Well, I did go dancing with my husband on Saturday. It was fun.

On Sunday we went to see the movie, “He’s Just Not the Into You.” It is based on the best-selling book by the same name. See book here.  It is long, 2 hours 9 minutes. But we enjoyed it.

Did you see the movie and what did you think?

I found myself identifying with a couple of the characters. But I didn’ t tell my husband which those were. I identified with Scarlet Johansson’s character in that she continued to date a man that she just wasn’t that into. I also identified with the guy (Bradley Cooper) she was tempted with…. He said he married his wife because she pressured him. And when his told his wife that he had cheated, she still wanted to work it out. (I am not identifying with the cheating part.) I am identifying with dating or continuing to stay married to someone I am just not that into. Later his wife, Jennifer Connelly admitted that the two hadn’t had sex for months.
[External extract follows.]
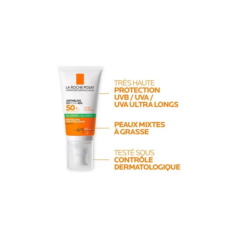 La Roche-Posay Anthelios UVMune 400 Oil Control Gel Crème Invisible SPF50+ (50 ml) est une protection solaire visage ultra-haute, spécifiquement formulée pour les peaux grasses à très grasses, y compris les peaux sensibles et à tendance acnéique. Ce gel-crème innovant combine la protection la plus complète contre les UV les plus insidieux avec un contrôle de la brillance très efficace, pour un fini sec et invisible.
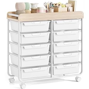 Ideal for crafters, teachers, nail technicians and home organisers who need organised, mobile storage. Ten roomy drawers, a raised-edge wooden tabletop and lockable swivel wheels combine to keep materials tidy and portable. Durable wood-and-metal construction and straightforward assembly suggest strong long-term value for everyday use.

But when hubby and I went out for coffee after the movie and he flat out asked me what I thought of the movie, did I have the nerve to tell him the above? No. (Just like Scarlet continued to hang with  Kevin Connelly or Bradley Cooper continued to stay married to Jennifer Connolley.)

Actually hubby even brought up Scarlet’s  character and how when her boyfriend asked her to think about marriage she said she didn’t want to spent her life with him.

He then asked me about any blind dates I had had.

I told him about some and the duddy guys I had dated. He said he wished he would have had someone fix him up when he was a young man. I told him how one of our friends was ready to fix me up with someone new when she found out I had moved out.  She thought I was just ready to close the chapter with hubby and move on.

I can’t close this chapter. I am too scared. I don’t think I can make it without my hubby’s financial support. I don’t want to be alone and I am afraid of the stigma of my diagnoses.   But maybe he’s not that into me…maybe that is why he isn’t really that passionate with me….but he is the one that chased me. He is the one that pressured me for  a wedding date. So…I don’t know.

We were both so lonely. We both wanted a partner so bad.